Most of the falsehoods uttered by the Republican presidential nominee were claims that have been repeatedly debunked before, some of them for years. They spanned a broad range of subjects, from immigration to the economy to foreign policy to Trump’s record in office to Vice President Kamala Harris, his Democratic opponent.
Here is a fact check:
Crime
Trump claimed, “Our crime rate’s going through the roof.”
Facts First: Trump’s claim is false. Both violent crime and property crime dropped significantly in 2023 and in the first quarter of 2024.
There are limitations to the FBI-published data from local law enforcement – the numbers are preliminary, not all communities submitted data and the submitted data usually has some errors – so these statistics may not precisely capture the size of the recent declines in crime.
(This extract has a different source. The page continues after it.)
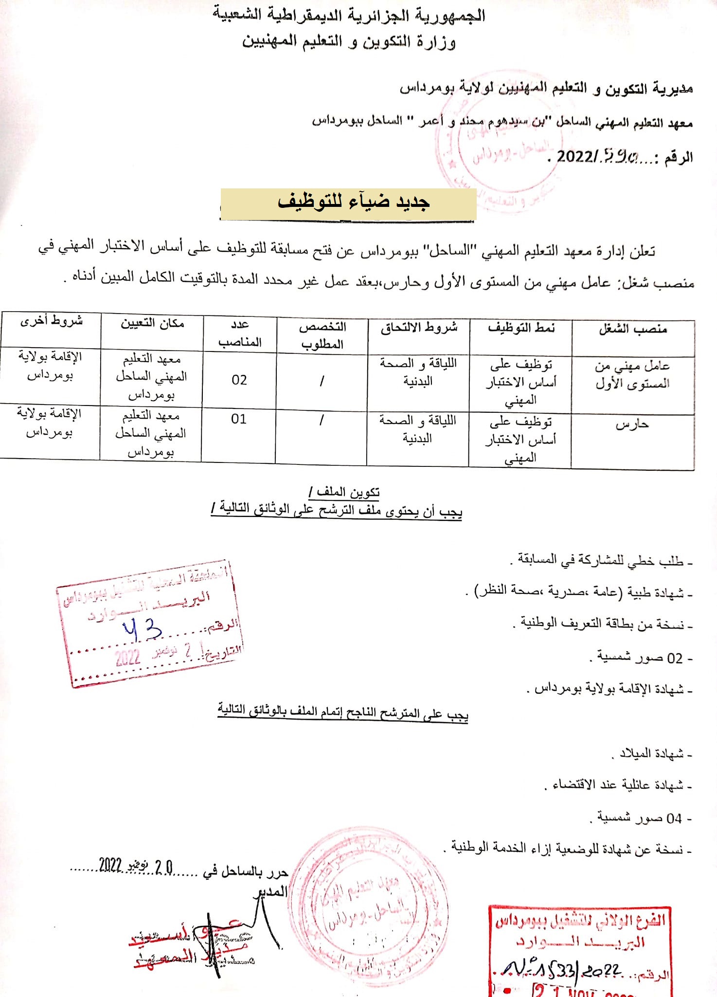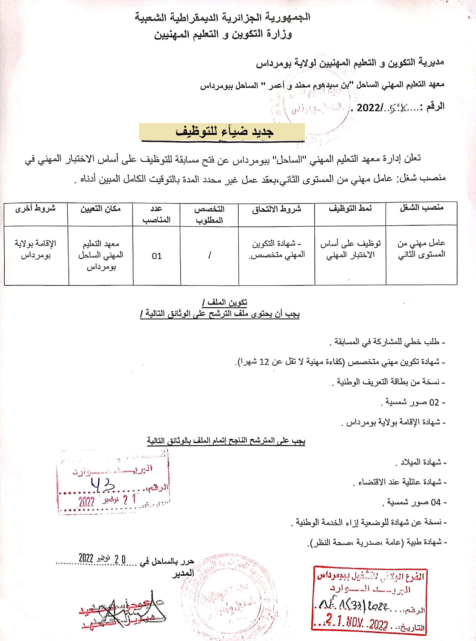 | اعلان عن توظيف بمعهد التعليم المهني بالساحل بولاية بومرداس |

But other data sources make it clear crime has indeed declined to some extent.
The preliminary FBI data for 2023 showed a roughly 13% decline in murder and a roughly 6% decline in overall violent crime compared to 2022, bringing both murder and violent crime levels below where they were in Trump’s last calendar year in office in 2020. The preliminary FBI data for the first quarter of 2024 showed an even steeper drop from the same quarter in 2023 – a roughly 26% decline in murder and roughly 15% decline in overall violent crime.
Crime data expert Jeff Asher, co-founder of the firm AH Datalytics, said earlier this year that if the final 2023 figures show a decline in murder of at least 10% from 2022, this would be the fastest US decline “ever recorded.” And he noted that both the preliminary FBI-published data from the first quarter of 2024 and also “crime data collected from several independent sources point to an even larger decline in property and violent crime, including a substantially larger drop in murder, so far this year compared to 2023, though there is still time left in the year for those trends to change.”
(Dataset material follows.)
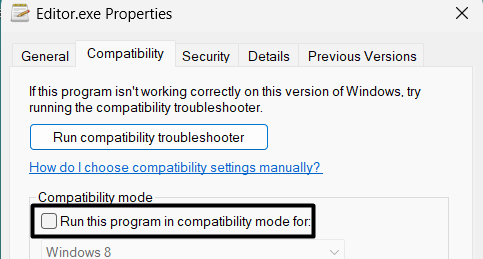 3.I denEgenskaperfönster, gå tillKompatibilitetfliken och markeraKör programmet som administratörkryssrutan för att alltid starta det här programmet med förhöjda rättigheter.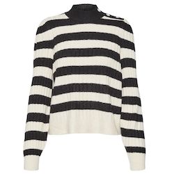 Craquez pour le pull de la marque VERO MODA !Coloris : Beige/NoirCol montantManches longuesRayuresMaille fineCoupe Droite, RegularComposition : 78% polyester, 19% acrylique, 3% élasthanne

After Trump claimed in June that “crime is so much up,” Anna Harvey, a political science professor and director of the Public Safety Lab at New York University, noted to CNN that the claim is contradicted both by the data from the FBI and from the Major Cities Chiefs Association, which represents 70 large US police forces. She said: “It would be more accurate to say that crime is so much down.”
Inflation
Trump said, “I think we have the worst inflation we’ve had in 100 years. They say it’s 48 years, I don’t believe it.”
Facts First: Trump framed this as an opinion, but it’s baseless nonetheless – wrong in two different ways. First, even when the inflation rate hit its Biden-era peak of 9.1% in June 2022, that 9.1% rate was the highest since 1981 – between 40 and 41 years prior, certainly not “100 years” and not even “48 years.” Second, inflation has declined sharply since the June 2022 peak, and the most recent available rate at the time he spoke, for July 2024, was 3.2% – a rate that, the Biden presidency aside, was exceeded as recently as 2011.
Global warming and sea levels
Trump argued that the threat of the nuclear war is far more important than the threat posed by climate change. And he said: “The biggest threat? It’s not global warming, where the ocean’s gonna rise one eighth of an inch over the next 400 years … and you’ll have more oceanfront property, right?”
Facts First: Trump’s claim about the pace of sea-level rise is wildly inaccurate. The global average sea level is currently rising more per year than Trump claimed that it will rise in 400 years.